We were unable in our analysis to adequately identify and control for sample conditions (pH, temperature, ionic strength, etc.) and unusual molecular conformation, and there is a significant possibility of misassignment, especially of some atom types. Therefore, after dropping a single obvious major outlier, we minimized these effects by automatically trimming outliers and automatically adjusting the reference for the chemical shift sets. Automated outlier elimination was performed by running two passes of the Pace Regression for each atom/central nucleotide. In the first pass, the rms deviations between the experimental and predicted values were calculated using all of the data. Any data values that deviated from the predicted values by more than three times the rms deviation value were dropped, and a second pass of the Pace Regression was performed on the now trimmed dataset. Automatic re-referencing was achieved by performing the above analysis (including outlier detection) twice. In the first of these passes, the mean error of prediction was calculated for all the shifts from each BMRB file. Prior to the second pass, each shift was corrected by the mean deviation calculated for the corresponding BMRB file. The chemical shift corrections determined by this approach are listed in Table S3.

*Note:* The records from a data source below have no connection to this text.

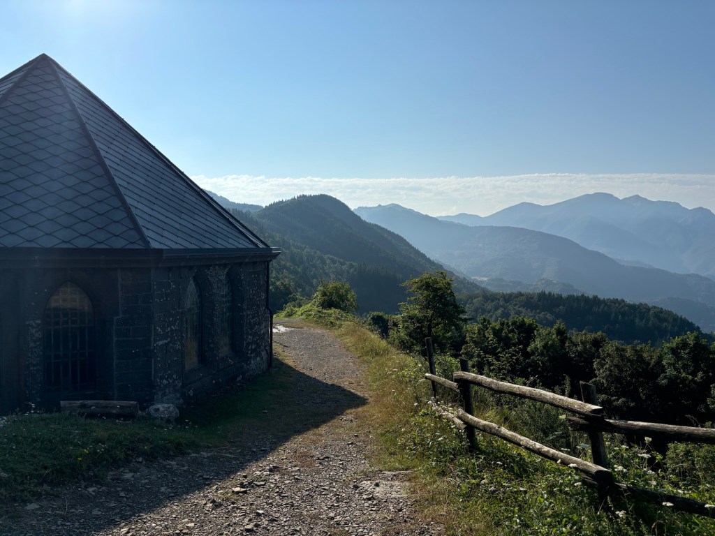 Alone, I made my way through the quiet streets of Berceto and onto the trail which began a pretty steady vertical climb shortly after leaving town. By 7:30 a.m., Iβve reached the highest point of the day at Monte Valoria and the panoramic views are amazing.
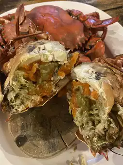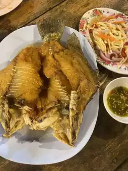 Today, we ordered the following dishes: 🦐 Salt-Baked Shrimp 🐠 Fried Sea Bass with Fish Sauce 🦀 Steamed Sea Crab with Eggs 🦪 Butter-Baked Scallops 🐙 Stir-fried Squid with Salted Eggs 🐟 Steamed Snakehead Fish with Soy Sauce ⏱️ 9:00 AM - 9:00 PM Open daily. Location: 📍 Mae Ramphueng Beach, Tapong Subdistrict, Mueang Rayong District, Rayong Province
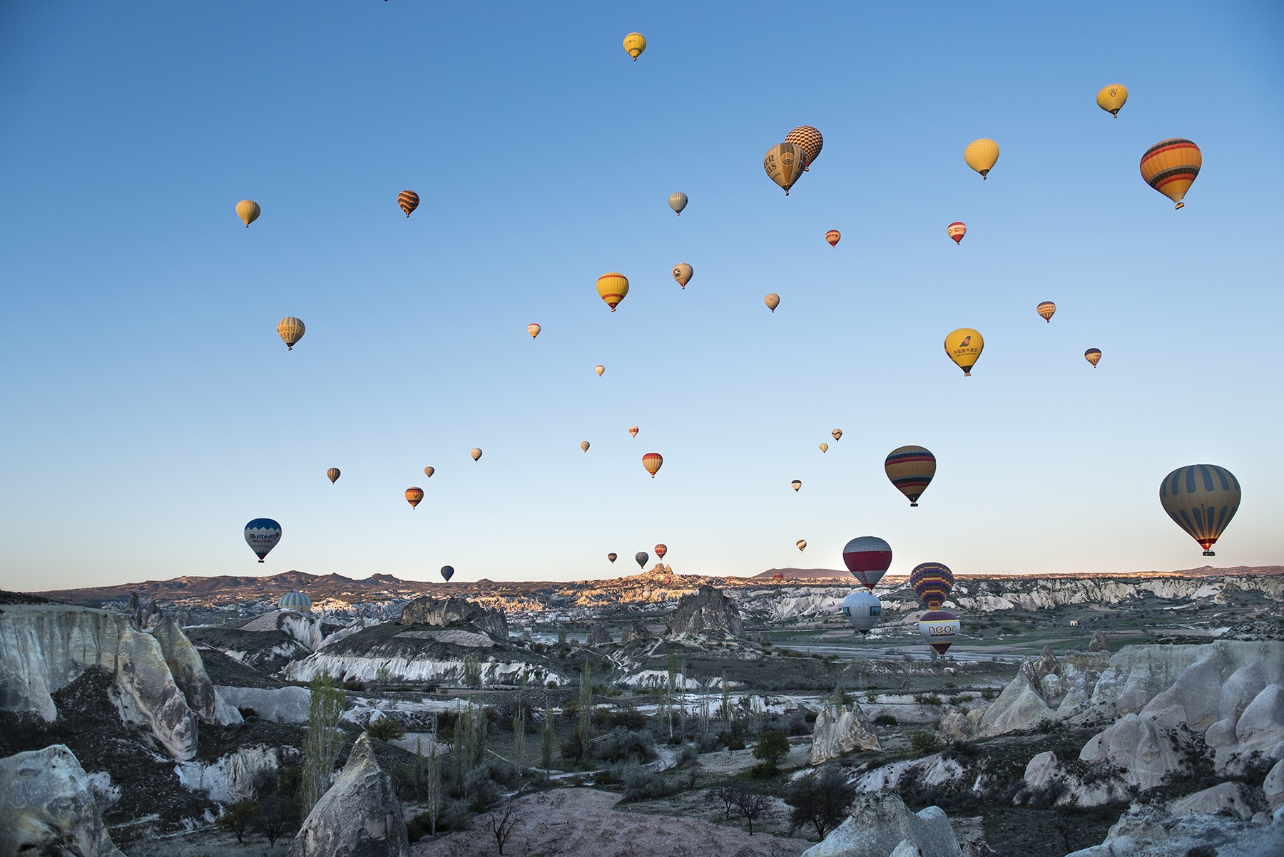Turkin Kappadokian vetonaula ovat kuumailmapallolennot: eri värisiä palloja saattaa olla taivaalla yhtä aikaa yli 60. ET:n reportterit nousivat kyytiin Uchisarissa. Auringon noustessa, kymmenien pallojen ympäröimänä, voi kokea olevansa osa ikimuistoista spektaakkelia.
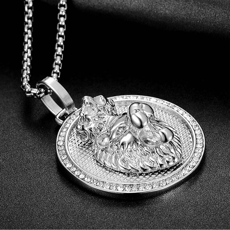 The impressive roaring lion pendant conveys superiority! We love the shine of this jewel. Diamond, lion head, crown - everything is present for a dantesque style.
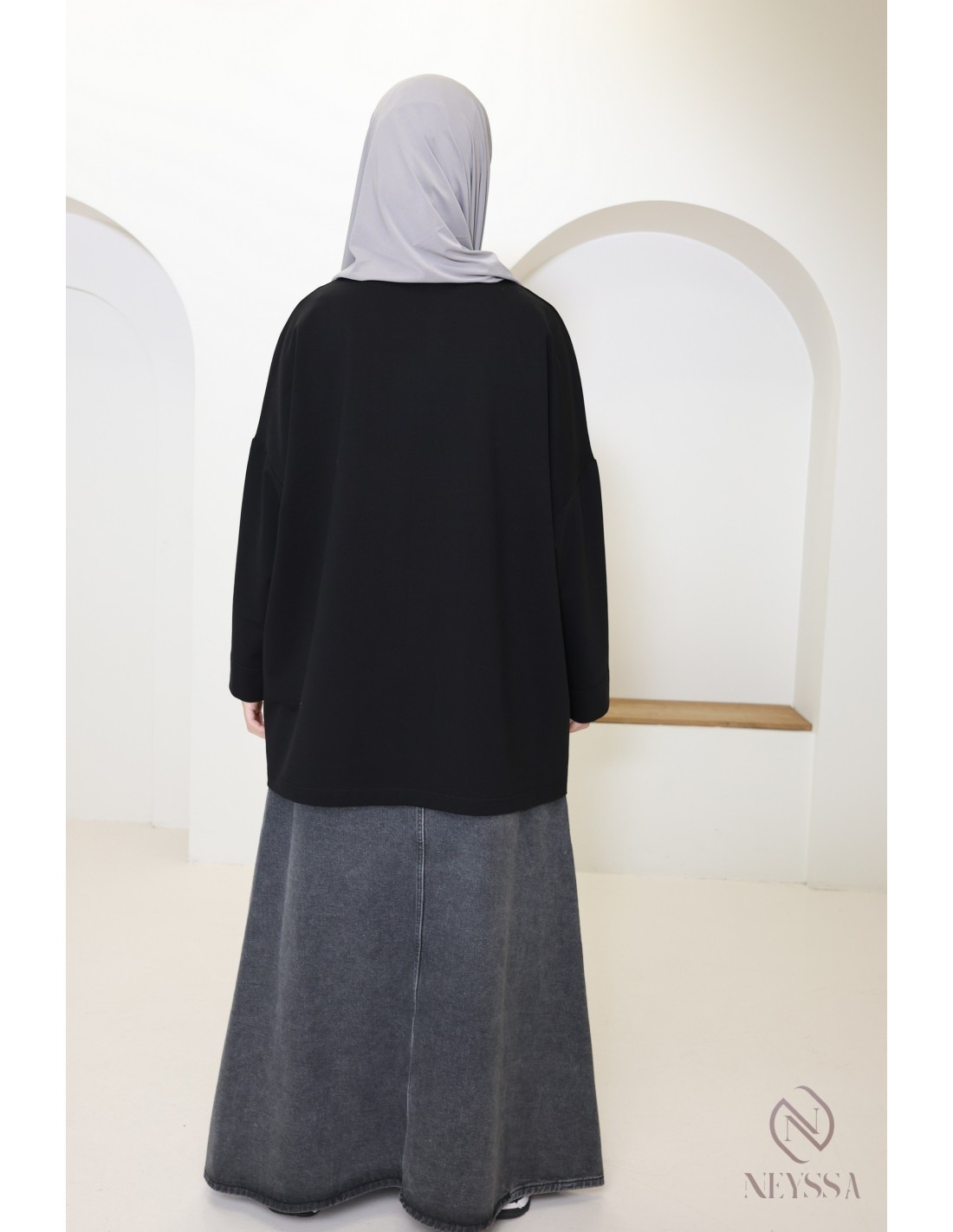 This mid-length, crew-neck sweatshirt-style T-shirt is the perfect choice for hijabis who want to combine fashion, comfort, and modesty in their everyday wear.
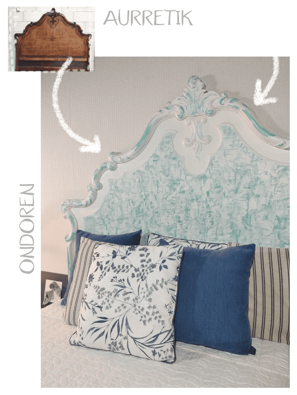 Cuando queremos crear un oasis fresco y actual para el descanso, elegimos tonos ligeros y limpios. Aprovechando que había que pintarlo, optamos por un craquelado grueso que va a cubrirnos las imperfecciones de la superficie de la pieza central, el decapado en los torneados laterales enmarcan el cabezal y lo dotan de un tranquilo carácter. Ahora y en el futuro este nuevo cabezal, es y será la pieza protagonista de una cama sobre la que gire el diseño de un refugio apacible y que invite a «parar».
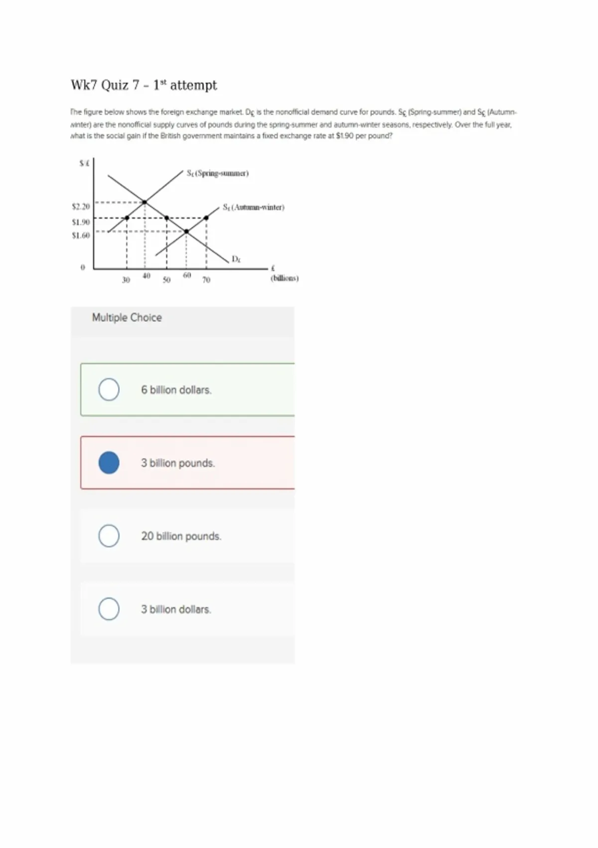 The figure below shows the foreign exchange market. Dg is the nonofficial demand curve for pounds. Sg (Spring-summer) and Sg (Autumn-
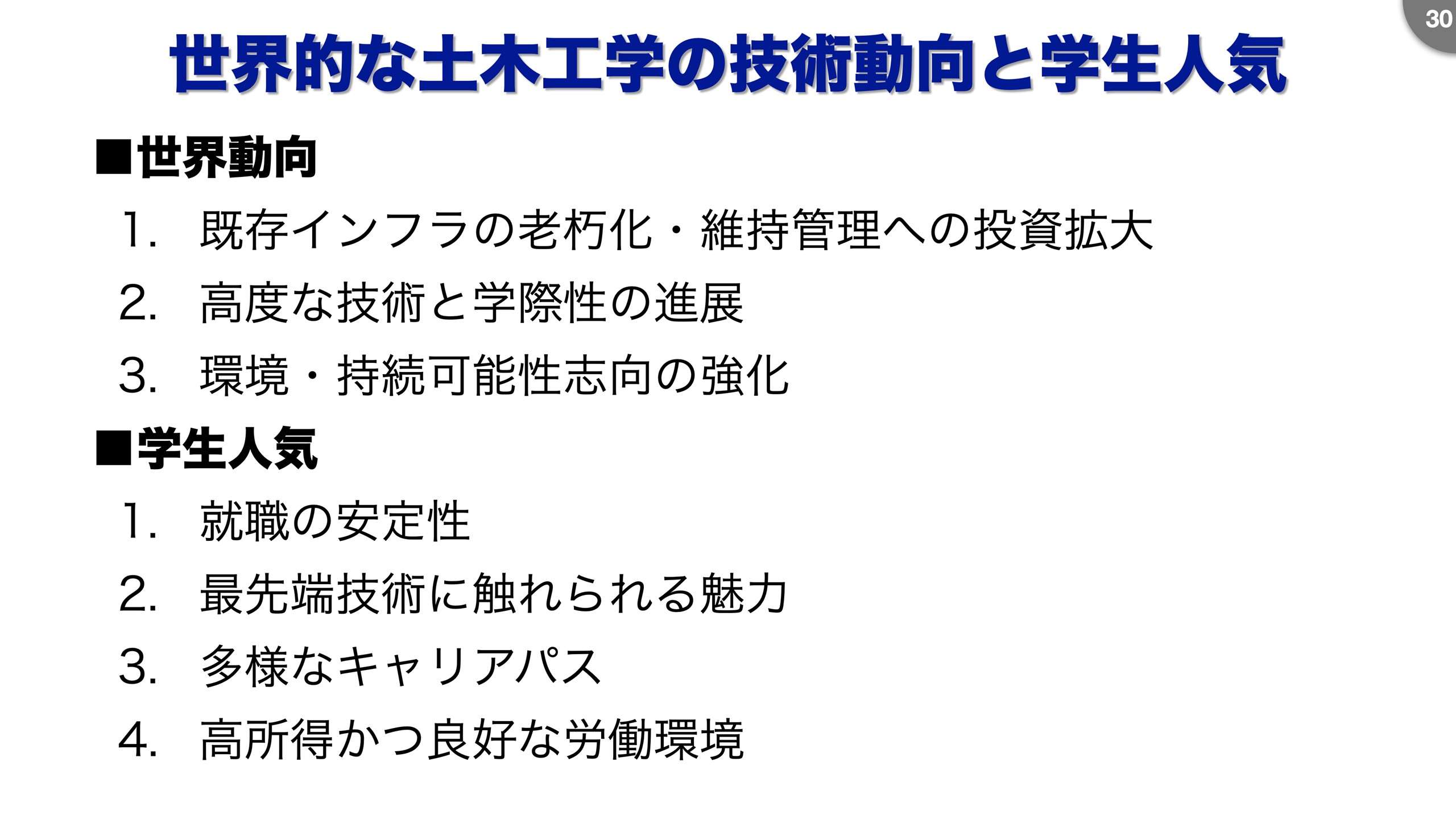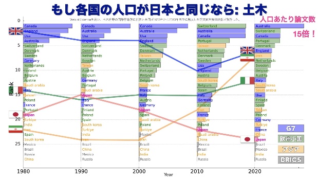 世界的に日本の土木の研究水準を見ると、2000年頃までは国際ランキングトップ5ぐらいでしたが、今はもう20位を下回る状況で、非常に低い順位です(図14)。 この状況だと、学生にも選ばれません(図15)。 治水と環境保全を一緒にやる新しい時代が来ているのですから、河川業界全体でこれを目玉となるように盛り上げることが大事だと思います。

The RNAShifts program was written using JTcl (http://jtcl.kenai.com
) and Swank (http://swank.kenai.com
), which are the Java implementations of the Tcl programming language and Tk graphical user interface toolkit (Ousterhout and Jones 2010
). The analysis mode is run in three stages. The first loads BMRB files (fetching them from http://bmrb.wisc.edu
if necessary), extracts chemical shifts, and then uses the input template to assign attributes to each shift. The second stage reads the output of the first stage and generates input files in the format used by Weka. The third executes Weka multiple times for each proton type, manages the two passes used for outlier detection and generates various statistical output files. The graphical interface module allows plotting predicted and experimental data subject to various criteria for choosing subsets of the data and attributes for plotting. The RNAShifts program is available upon request from the author (BAJ).